EDIT: From ptrblck’s reply, making the kernel as the following

  return torch.Tensor([ [Ix], [Iy] ]*channels)/4

and setting groups=image.size(1) works nicely

Setting groups=in_channels might work for your use case.

1 Like

Thanks for your informative answers.
I am struggling to add more than one weight (let’s say 2 kernels 3x3) in conv2d() to get more than one output at the same time (nn.Conv2d(nb_channels, 2, 3, bias=False).
Could you please help me out with this

The number of kernels is defined in dim0 in the weight matrix and you could use this modified code for it:

nb_channels = 1
h, w = 5, 5
x = torch.randn(1, nb_channels, h, w)
weights = torch.tensor([[[0., 0., 0.],
                         [0., 1., 0.],
                         [0., 0., 0.]],
                        [[0., 0., 0.],
                         [0., 1., 0.],
                         [0., 0., 0.]]])
weights = weights.view(2, 1, 3, 3)

output = F.conv2d(x, weights)

Let me know, if this would work for you or if you get stuck somewhere. :slight_smile:


Thanks a lot for your answer.
This works out for me but I want to implement the discussed Conv2D weights into this simple network:

class CNN(nn.Module):

def __init__(self):
    super(CNN, self).__init__()
    self.features =nn.Conv2d(1, 2, kernel_size=3, stride=1, padding=0)
                           nn.MaxPool2d(kernel_size=2, stride=1)
    self.drop_out = torch.nn.Dropout(0.6)

def forward(self, x):
    return x


I would be appreciated if give me a hint on this as well

You can assign a new weight parameter to self.features via:

self.features = nn.Conv2d(...)
with torch.no_grad():
    weights = torch.tensor(...)
    self.features.weight = nn.Parameter(weights)

Thank you for your answer

Is there a way to adapt this approach so that rather than performing convolutions using different kernels per channel, it performs convolutions on all channels for a tensor in a batch but the kernel for each tensor in the batch changes? So each batch item undergoes a convolution with a unique prespecified kernel.

e.g. something like this:

import torch 

batch_size = 8
channels = 10
img_size = 30
kernel_size = 3

batch = torch.rand((batch_size,channels,img_size,img_size))
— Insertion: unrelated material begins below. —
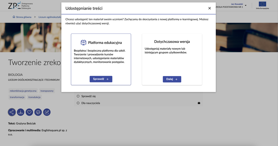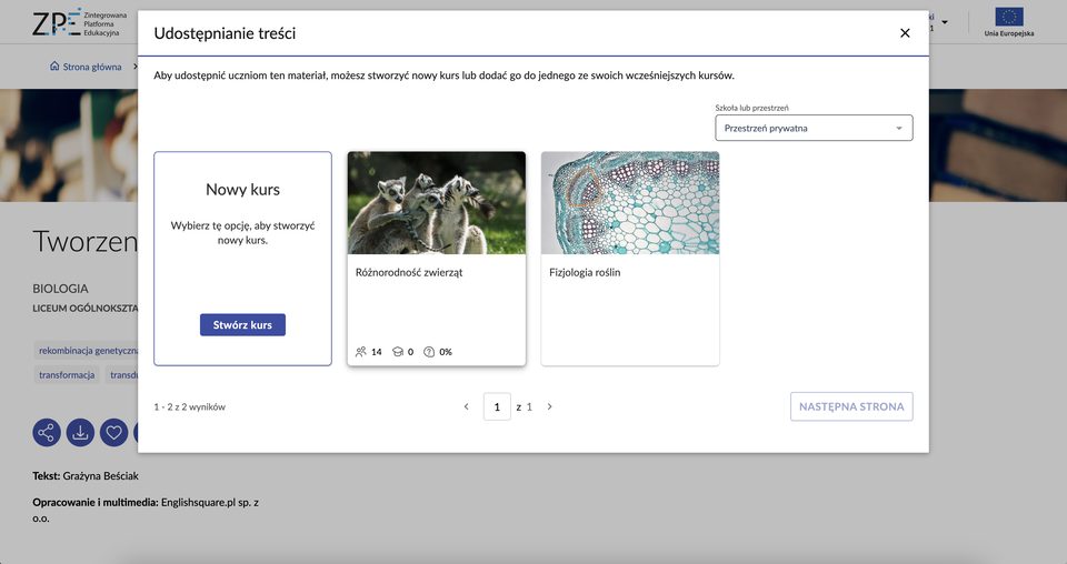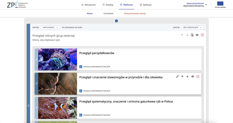 Wszystkie materiały dydaktyczne, które przeglądamy na Zintegrowanej Platformie Edukacyjnej można udostępnić uczniom w postaci kursu internetowego. Dotyczy to także materiałów zapisanych w „Ulubionych” lub stworzonych za pomocą „Teczki”.

# Make a unique kernel for each batch member but the kernel is convolved 
# with every channel 
weights = torch.rand((batch_size,1,kernel_size,kernel_size)).repeat(1,channels,1,1)

conv = torch.nn.Conv2d(channels,channels,kernel_size,padding=4,bias=False)

with torch.no_grad():
    conv.weight = torch.nn.Parameter(weights,requires_grad=False)

output = conv(batch)

Edit: This has been solved using for loops or groups here

Hello @ptrblck I try this code but I got error "Illegal instruction (core dumped)

I’m not sure which code you were trying. Could you post more information about your use case, setup (installed PyTorch version, CUDA etc.) and could you also try to get a backtrace from gdb?